* **Exercise**
The lines below, from the one holding "グローブリーシュ リーシュコード グローブカフ" through the one holding "AUDITORÍA SUPERIOR DE", are to be restated word for word, with all images left out.

* **Given records**
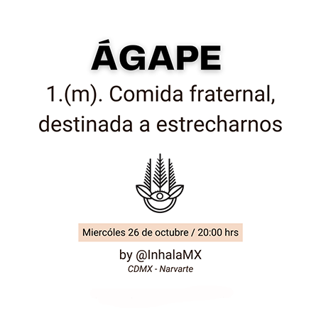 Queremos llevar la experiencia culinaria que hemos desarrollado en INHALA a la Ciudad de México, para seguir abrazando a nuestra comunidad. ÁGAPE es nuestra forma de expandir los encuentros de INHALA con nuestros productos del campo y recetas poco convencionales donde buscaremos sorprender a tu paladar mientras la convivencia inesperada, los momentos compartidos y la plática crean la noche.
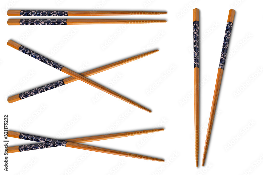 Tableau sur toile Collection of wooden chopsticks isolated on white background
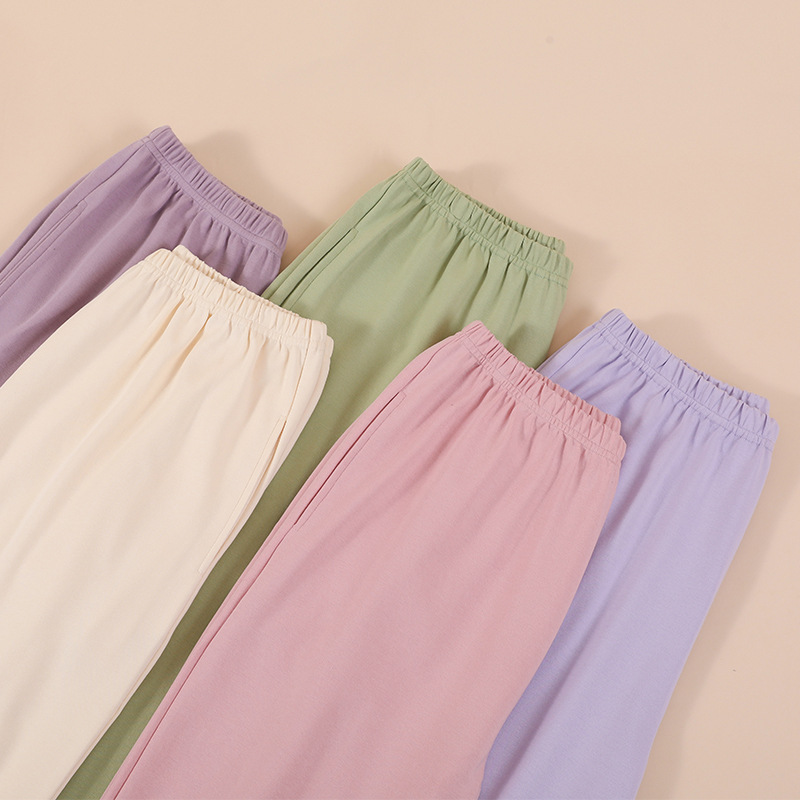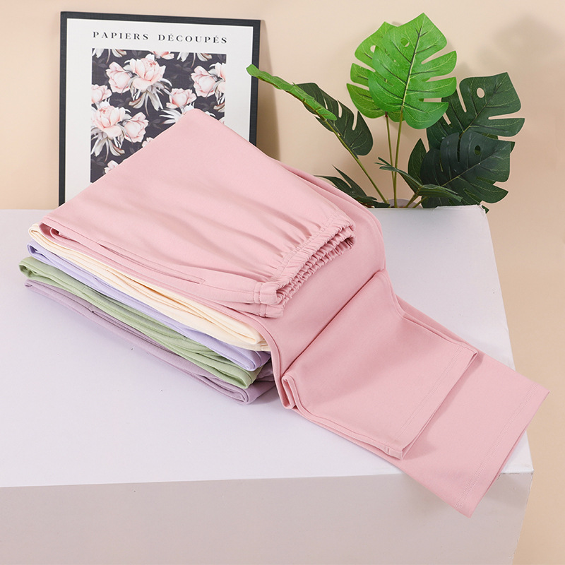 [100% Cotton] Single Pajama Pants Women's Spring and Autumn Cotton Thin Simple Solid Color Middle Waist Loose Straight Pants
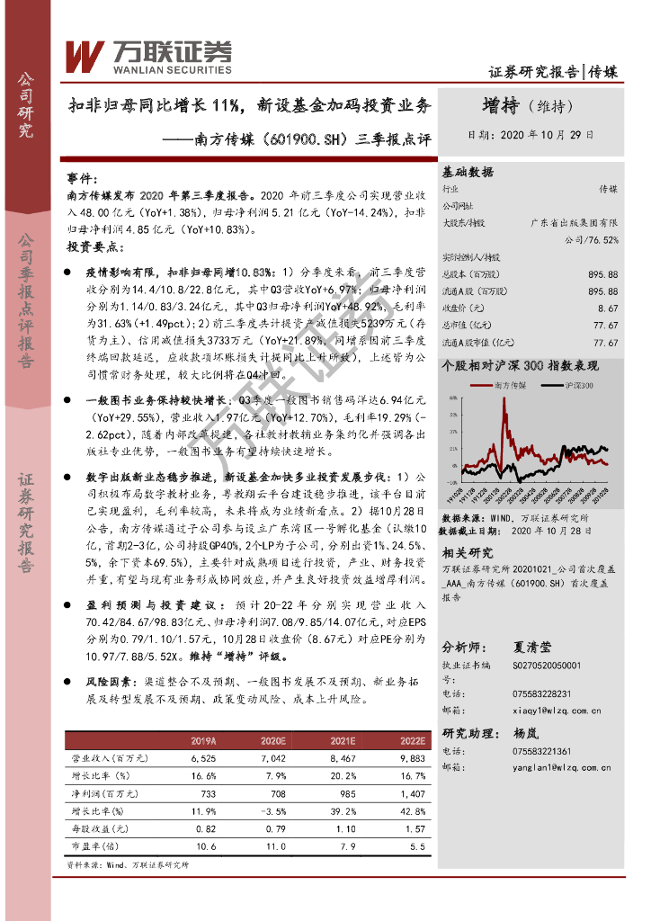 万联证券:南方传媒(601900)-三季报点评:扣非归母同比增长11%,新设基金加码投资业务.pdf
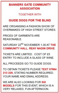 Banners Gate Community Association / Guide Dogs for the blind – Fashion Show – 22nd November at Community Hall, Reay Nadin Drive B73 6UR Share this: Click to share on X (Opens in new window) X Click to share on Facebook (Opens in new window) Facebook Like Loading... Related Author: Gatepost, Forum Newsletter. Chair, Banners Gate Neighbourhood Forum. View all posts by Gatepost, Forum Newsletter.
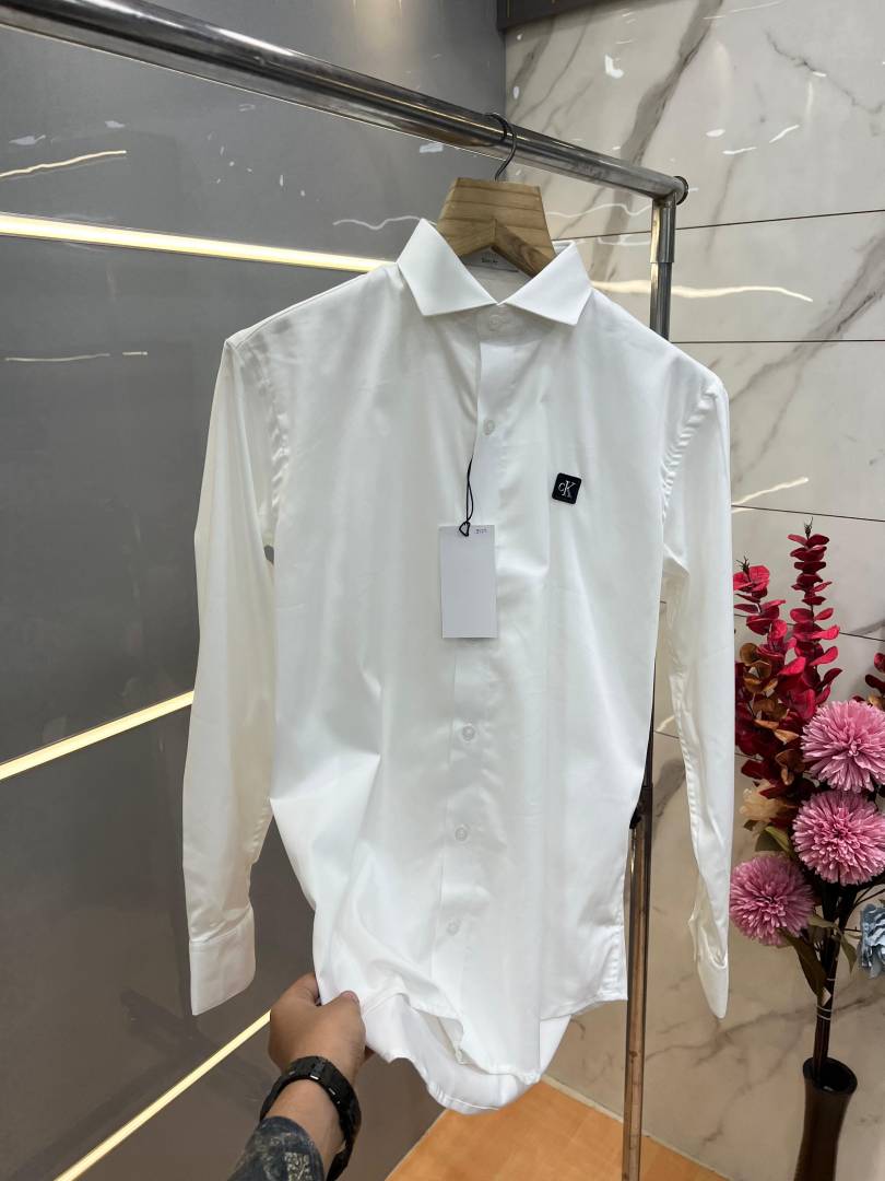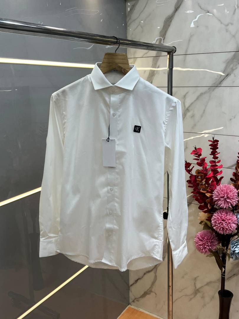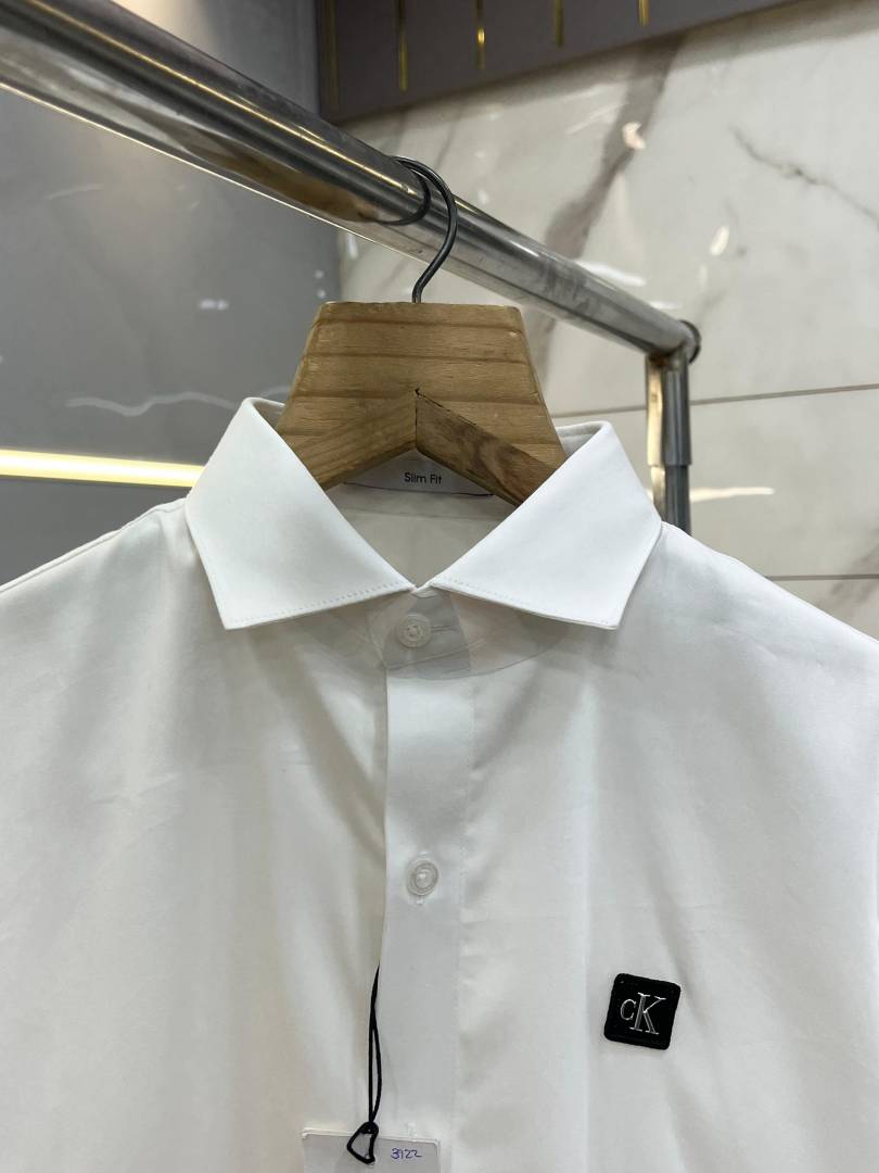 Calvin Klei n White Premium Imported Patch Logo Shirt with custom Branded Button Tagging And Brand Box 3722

...

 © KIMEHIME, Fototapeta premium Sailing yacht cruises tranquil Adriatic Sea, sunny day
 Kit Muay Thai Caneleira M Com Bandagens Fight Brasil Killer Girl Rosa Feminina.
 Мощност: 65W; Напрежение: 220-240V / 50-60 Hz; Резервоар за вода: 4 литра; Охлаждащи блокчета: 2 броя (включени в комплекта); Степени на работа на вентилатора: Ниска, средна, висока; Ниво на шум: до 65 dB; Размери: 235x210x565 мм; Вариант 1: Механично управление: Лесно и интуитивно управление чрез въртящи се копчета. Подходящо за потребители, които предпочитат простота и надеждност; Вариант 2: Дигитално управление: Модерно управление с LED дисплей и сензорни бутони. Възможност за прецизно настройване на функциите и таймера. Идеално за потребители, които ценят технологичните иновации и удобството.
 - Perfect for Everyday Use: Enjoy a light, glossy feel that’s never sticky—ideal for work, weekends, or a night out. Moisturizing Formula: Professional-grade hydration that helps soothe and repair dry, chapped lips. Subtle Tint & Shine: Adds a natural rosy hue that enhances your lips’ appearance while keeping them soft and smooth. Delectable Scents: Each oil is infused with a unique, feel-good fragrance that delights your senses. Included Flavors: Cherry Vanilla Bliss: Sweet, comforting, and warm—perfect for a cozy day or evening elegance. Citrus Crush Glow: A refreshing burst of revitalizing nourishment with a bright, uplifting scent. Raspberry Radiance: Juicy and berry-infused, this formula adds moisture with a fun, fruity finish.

==

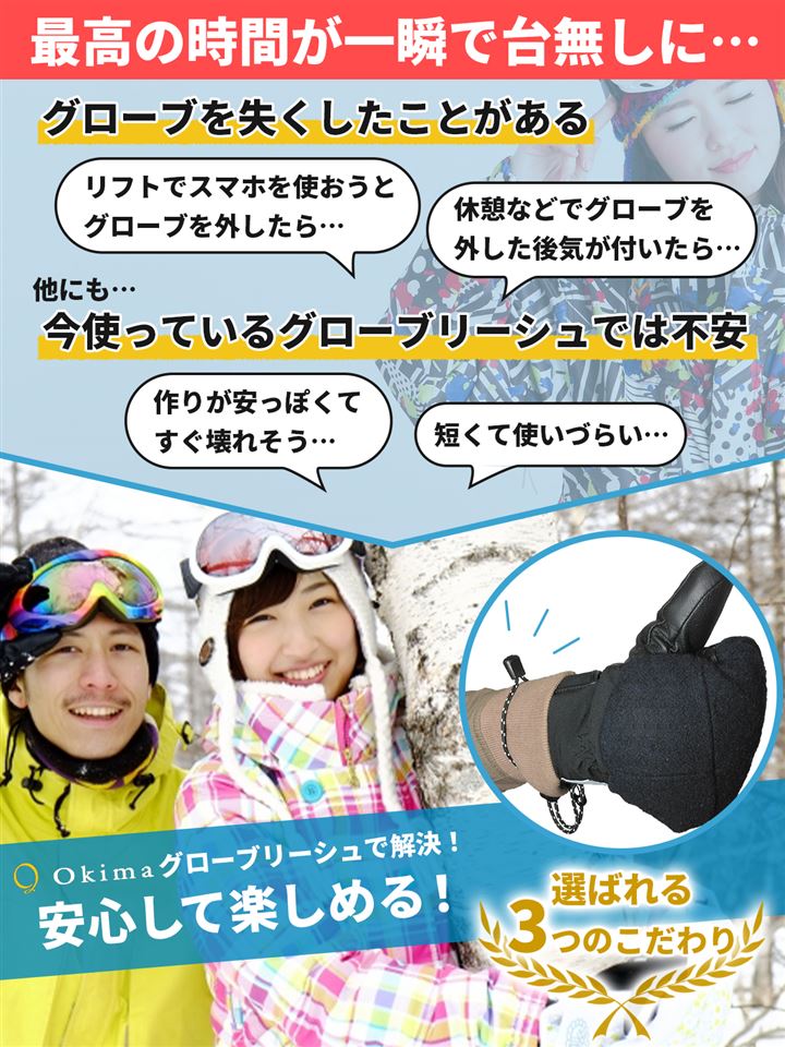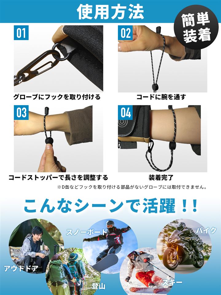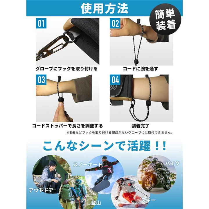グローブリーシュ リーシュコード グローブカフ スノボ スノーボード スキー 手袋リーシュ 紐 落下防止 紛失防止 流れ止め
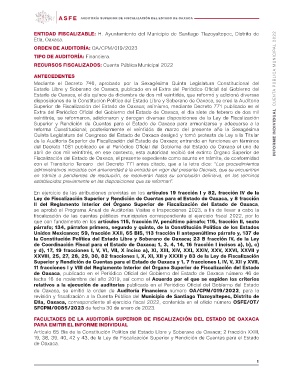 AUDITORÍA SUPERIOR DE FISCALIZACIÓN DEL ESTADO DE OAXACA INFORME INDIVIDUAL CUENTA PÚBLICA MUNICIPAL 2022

* **Worked solution**
グローブリーシュ リーシュコード グローブカフ スノボ スノーボード スキー 手袋リーシュ 紐 落下防止 紛失防止 流れ止め
 AUDITORÍA SUPERIOR DE FISCALIZACIÓN DEL ESTADO DE OAXACA INFORME INDIVIDUAL CUENTA PÚBLICA MUNICIPAL 2022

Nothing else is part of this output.